What is a Rep?
What is a Set?
A set is a group of these repetitions. The amount of reps you include in a set depends on what kind of set you are doing. Research and experience have shown that bodybuilders get the most results using a weight in each exercise that represents about 70 to 75% of their one rep maximum (1RM). That is, the amount of weight they could use doing one full out repetition of that exercise. Using this amount of weight, you will generally find you can do sets of 8 – 12 reps for upper body muscles or 12 – 16 repetitions for the main leg muscles. These figures are just approximations, but they will work as well as general guidelines.
More Reps For the Lower Body
The fall off in strength over the course of a set is slower in the legs than in the upper body.
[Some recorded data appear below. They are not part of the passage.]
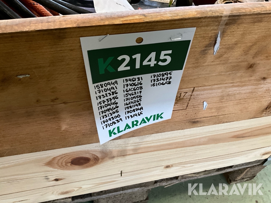 Pallar/emballage ingår EJ i auktionen men kan köpas till på plats vid upphämtningen.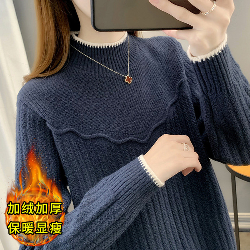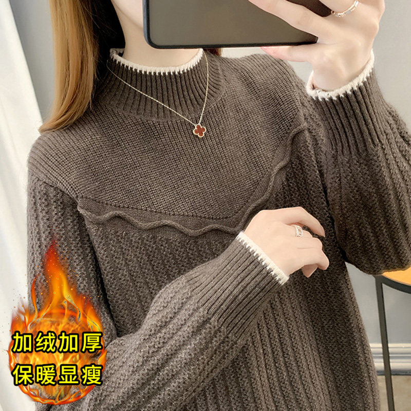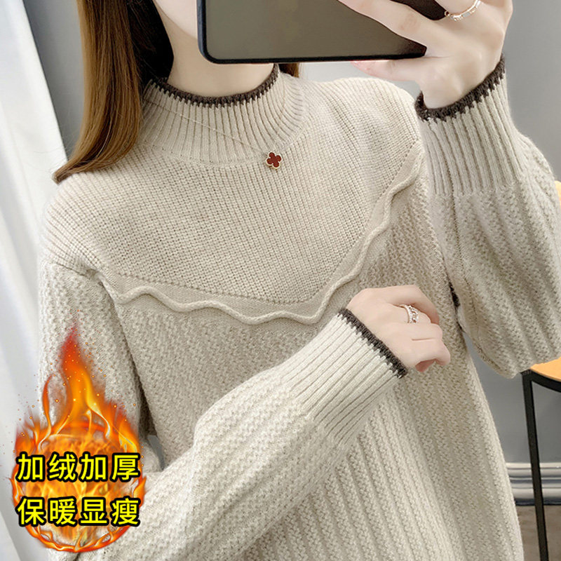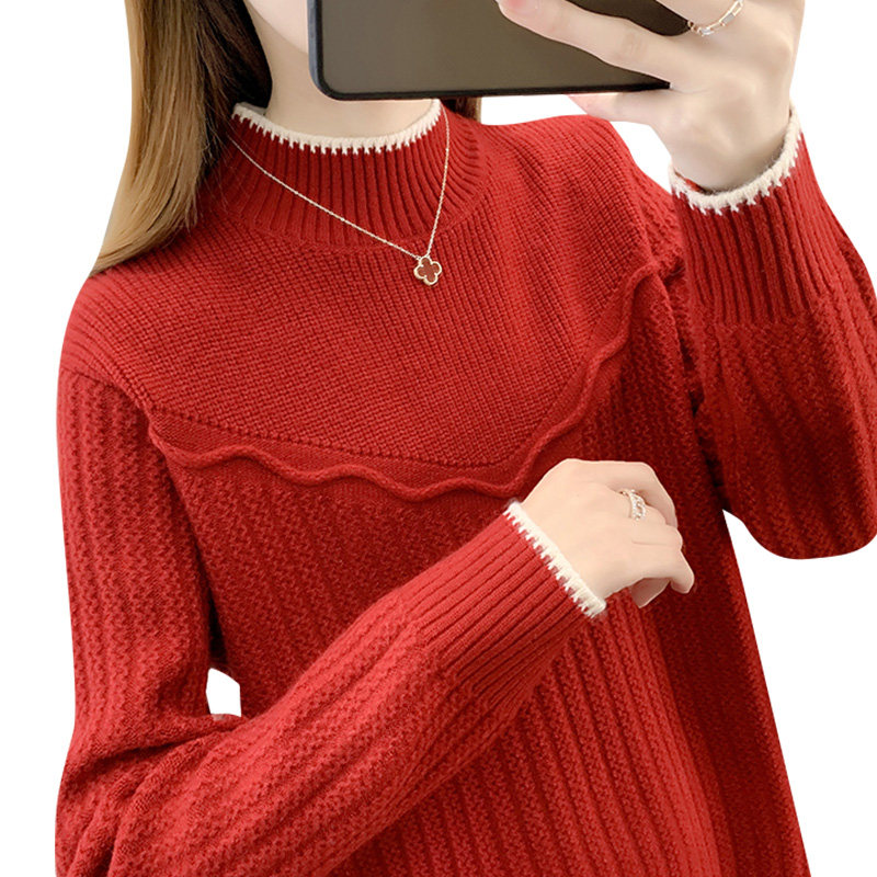 毛衣女款2025新款冬季加绒加厚半高领打底衫女秋冬内搭红色上衣女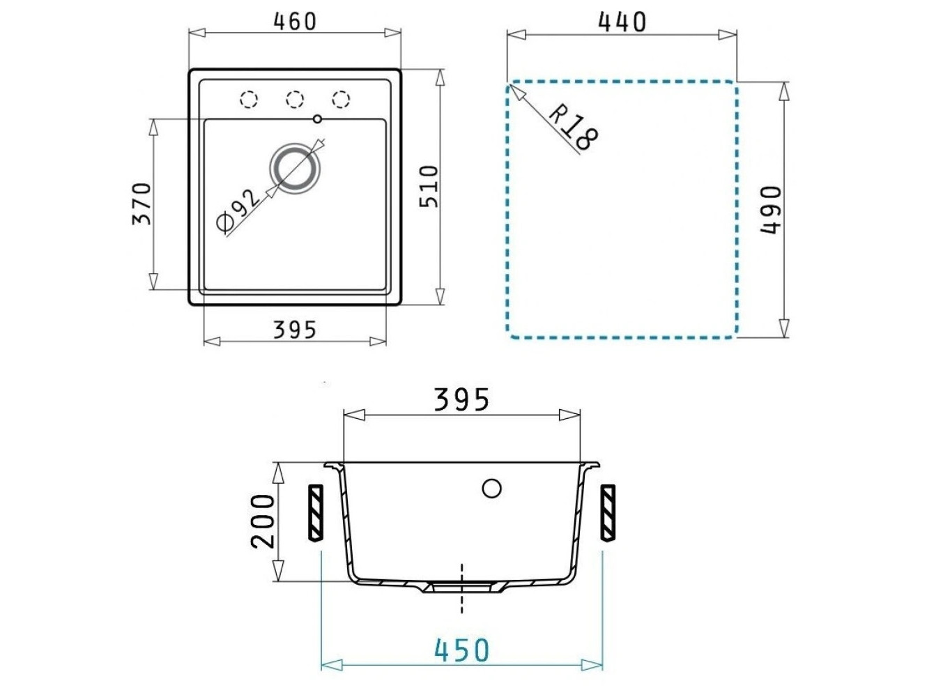- Кухонная мойка Uperwood Quartz UPD-07-04 черная матовая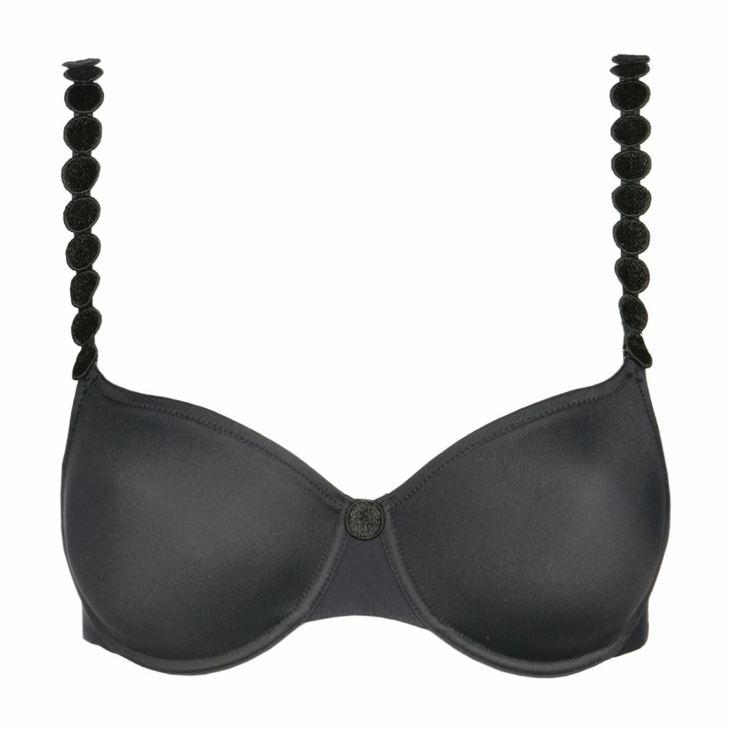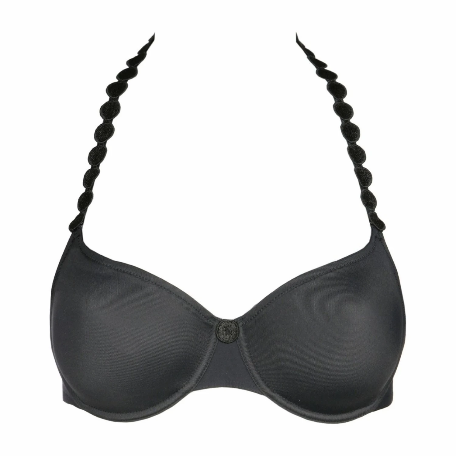 Le coloris Charbon est un gris foncé, moins dur que le noir où l’éclat satiné de la bretelle en petites perles rehausse le ton.

Upper body muscles don’t have the same kind of endurance as the lower body. In both cases however, the amount of weight used represents this 70 to 75% of the one-rep maximum ability of the muscles involved.
Reps & Weight
Occasionally, less weight (and therefore execution of more reps) may be appropriate. Some very useful types of sets which involve heavier weight (and fewer reps), such as low-rep sets for maximum strength and power. The above guidelines represent the majority of bodybuilders’ training.
Amount of Reps to Use
The amount of reps employed by a bodybuilder in an exercise will depend primarily on the muscle being trained. Most commonly, bodybuilders do 8-12 reps for an upper body part, and 12-16 for lower body parts. When training for power and strength, 2-6 reps are typically used. When it comes to muscular endurance, a rep range of 12+ is appropriate. As you can see from the above, the rep range you are aiming for is determined by your specific training goal.